• [Work instruction]: An exact copy is needed of the lines in the entries below from the line with "Hits: RHH. Tall" up to and including the line with "本次交流活动由西交利物浦大学", and of nothing else. Leave the pictures out.

• [Listed records]:
☆ ☆ ☆ ☆ ☆ ☆ ☆
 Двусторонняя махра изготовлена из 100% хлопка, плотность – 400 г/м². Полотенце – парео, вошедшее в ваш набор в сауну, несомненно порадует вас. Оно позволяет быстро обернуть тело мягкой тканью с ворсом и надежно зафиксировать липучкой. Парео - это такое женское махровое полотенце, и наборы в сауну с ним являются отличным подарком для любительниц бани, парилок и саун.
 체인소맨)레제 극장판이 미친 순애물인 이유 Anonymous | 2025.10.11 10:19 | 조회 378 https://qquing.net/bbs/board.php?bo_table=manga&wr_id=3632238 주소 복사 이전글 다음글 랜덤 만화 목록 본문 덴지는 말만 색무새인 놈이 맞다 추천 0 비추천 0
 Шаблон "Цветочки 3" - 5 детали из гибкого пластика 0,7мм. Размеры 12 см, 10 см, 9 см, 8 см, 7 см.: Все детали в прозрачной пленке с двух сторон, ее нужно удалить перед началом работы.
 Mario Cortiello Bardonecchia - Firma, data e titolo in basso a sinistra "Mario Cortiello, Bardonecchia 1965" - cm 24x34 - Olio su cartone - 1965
☆ ☆ ☆ ☆ ☆ ☆ ☆
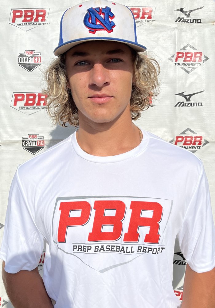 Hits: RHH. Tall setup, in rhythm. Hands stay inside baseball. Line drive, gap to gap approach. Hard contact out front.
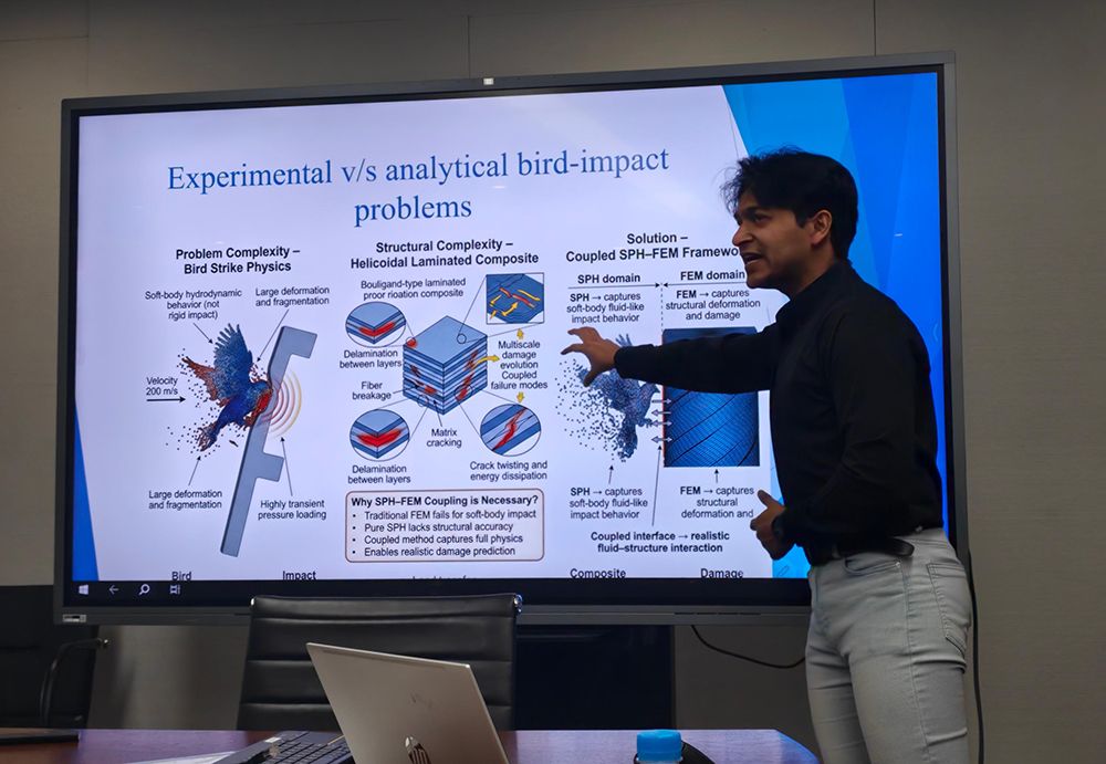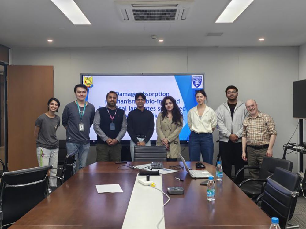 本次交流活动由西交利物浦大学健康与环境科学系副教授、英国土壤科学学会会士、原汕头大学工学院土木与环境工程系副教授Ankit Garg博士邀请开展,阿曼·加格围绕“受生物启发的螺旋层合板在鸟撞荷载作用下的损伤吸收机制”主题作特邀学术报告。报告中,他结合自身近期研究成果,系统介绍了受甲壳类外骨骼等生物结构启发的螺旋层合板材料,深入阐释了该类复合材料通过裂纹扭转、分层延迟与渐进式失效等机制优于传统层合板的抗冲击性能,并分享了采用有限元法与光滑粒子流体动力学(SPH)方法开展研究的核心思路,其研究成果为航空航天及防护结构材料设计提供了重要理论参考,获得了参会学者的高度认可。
☆ ☆ ☆ ☆ ☆ ☆ ☆
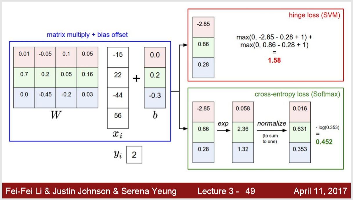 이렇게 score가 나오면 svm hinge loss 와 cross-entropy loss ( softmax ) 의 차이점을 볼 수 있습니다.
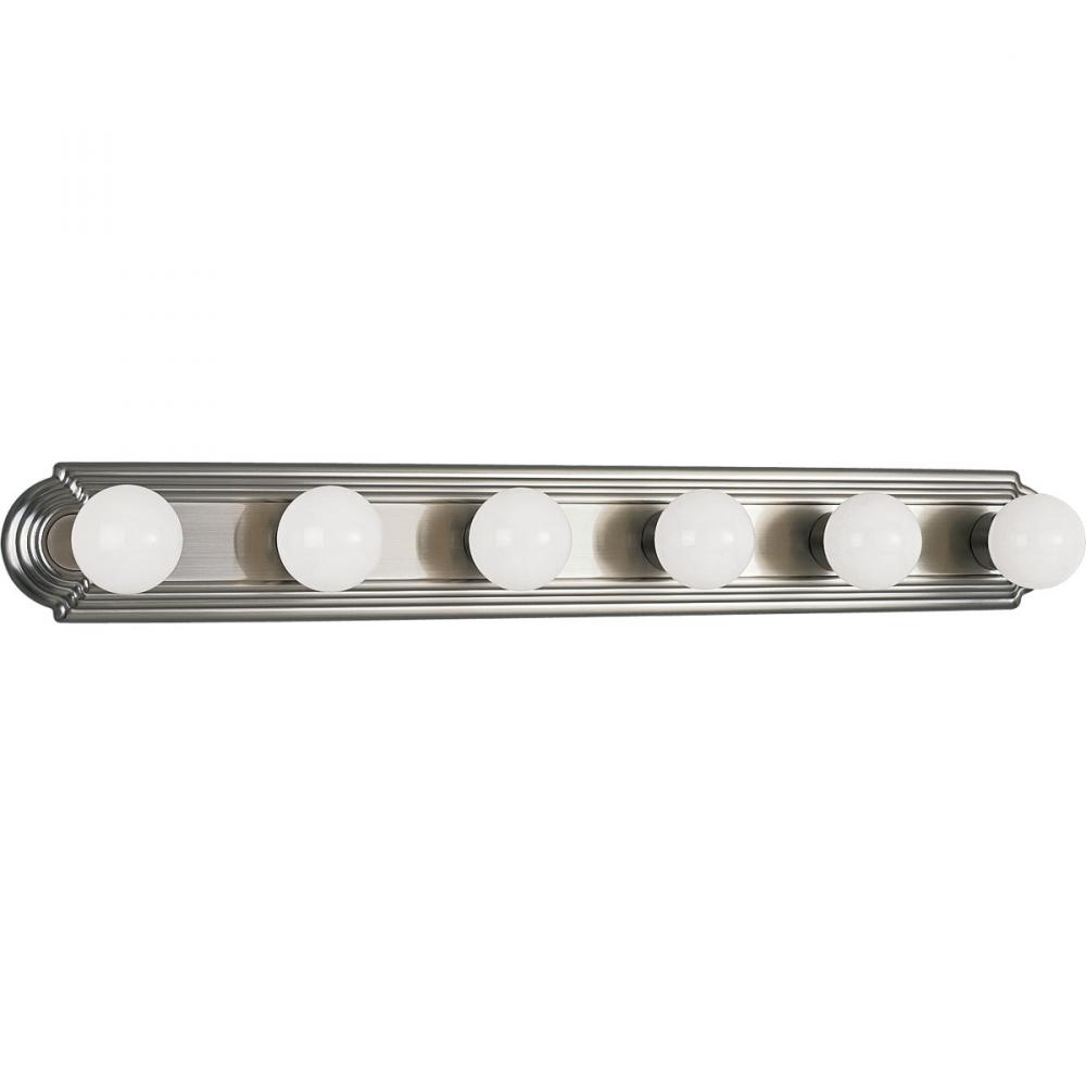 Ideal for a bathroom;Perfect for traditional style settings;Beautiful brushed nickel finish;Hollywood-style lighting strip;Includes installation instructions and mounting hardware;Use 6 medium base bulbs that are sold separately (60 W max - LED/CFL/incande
☆ ☆ ☆ ☆ ☆ ☆ ☆
• [Task result]:
 Hits: RHH. Tall setup, in rhythm. Hands stay inside baseball. Line drive, gap to gap approach. Hard contact out front.
 本次交流活动由西交利物浦大学健康与环境科学系副教授、英国土壤科学学会会士、原汕头大学工学院土木与环境工程系副教授Ankit Garg博士邀请开展,阿曼·加格围绕“受生物启发的螺旋层合板在鸟撞荷载作用下的损伤吸收机制”主题作特邀学术报告。报告中,他结合自身近期研究成果,系统介绍了受甲壳类外骨骼等生物结构启发的螺旋层合板材料,深入阐释了该类复合材料通过裂纹扭转、分层延迟与渐进式失效等机制优于传统层合板的抗冲击性能,并分享了采用有限元法与光滑粒子流体动力学(SPH)方法开展研究的核心思路,其研究成果为航空航天及防护结构材料设计提供了重要理论参考,获得了参会学者的高度认可。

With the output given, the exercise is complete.